> Try it: Copy nothing but the lines below, from the one with "来源:国家知识产权局(版权归" through the one with "다이아몬드를 세팅한 기하학적", exactly as written; no pictures should appear.

> Provided entries:

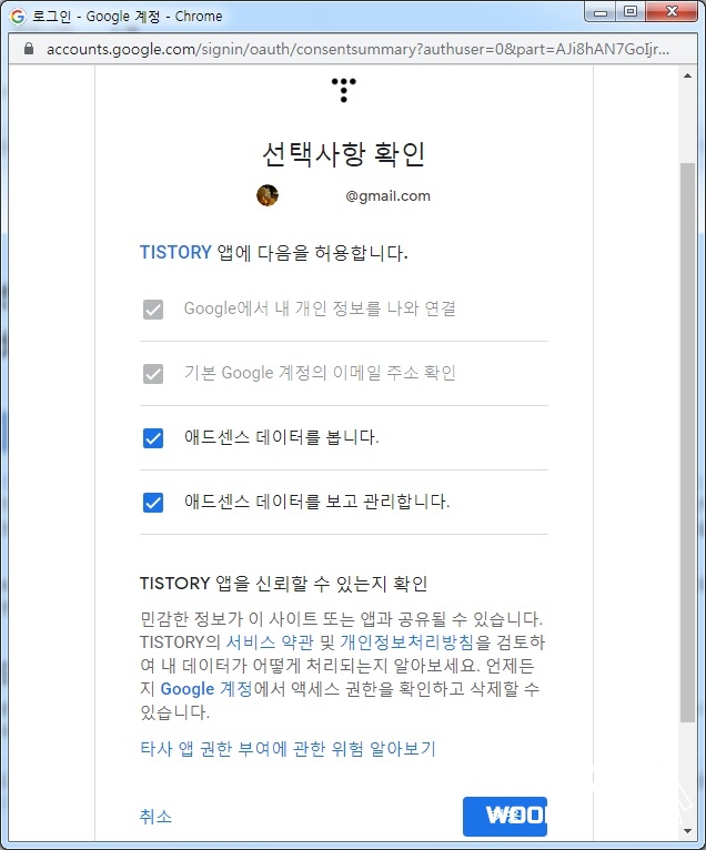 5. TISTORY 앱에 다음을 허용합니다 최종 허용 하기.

--

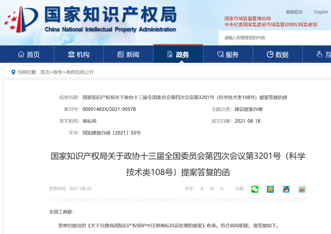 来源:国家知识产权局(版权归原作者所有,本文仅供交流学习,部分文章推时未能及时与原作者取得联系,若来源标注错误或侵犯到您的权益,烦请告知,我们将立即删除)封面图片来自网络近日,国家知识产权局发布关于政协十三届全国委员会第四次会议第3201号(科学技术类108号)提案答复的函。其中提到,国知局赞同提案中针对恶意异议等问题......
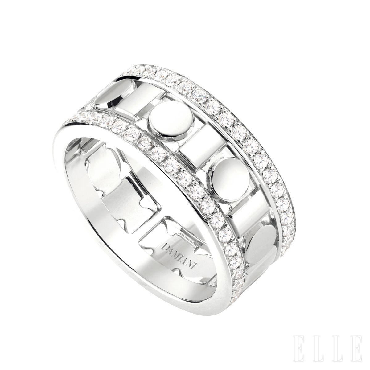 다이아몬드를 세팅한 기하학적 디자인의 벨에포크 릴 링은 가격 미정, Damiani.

> Solution to the problem:
 来源:国家知识产权局(版权归原作者所有,本文仅供交流学习,部分文章推时未能及时与原作者取得联系,若来源标注错误或侵犯到您的权益,烦请告知,我们将立即删除)封面图片来自网络近日,国家知识产权局发布关于政协十三届全国委员会第四次会议第3201号(科学技术类108号)提案答复的函。其中提到,国知局赞同提案中针对恶意异议等问题......
 다이아몬드를 세팅한 기하학적 디자인의 벨에포크 릴 링은 가격 미정, Damiani.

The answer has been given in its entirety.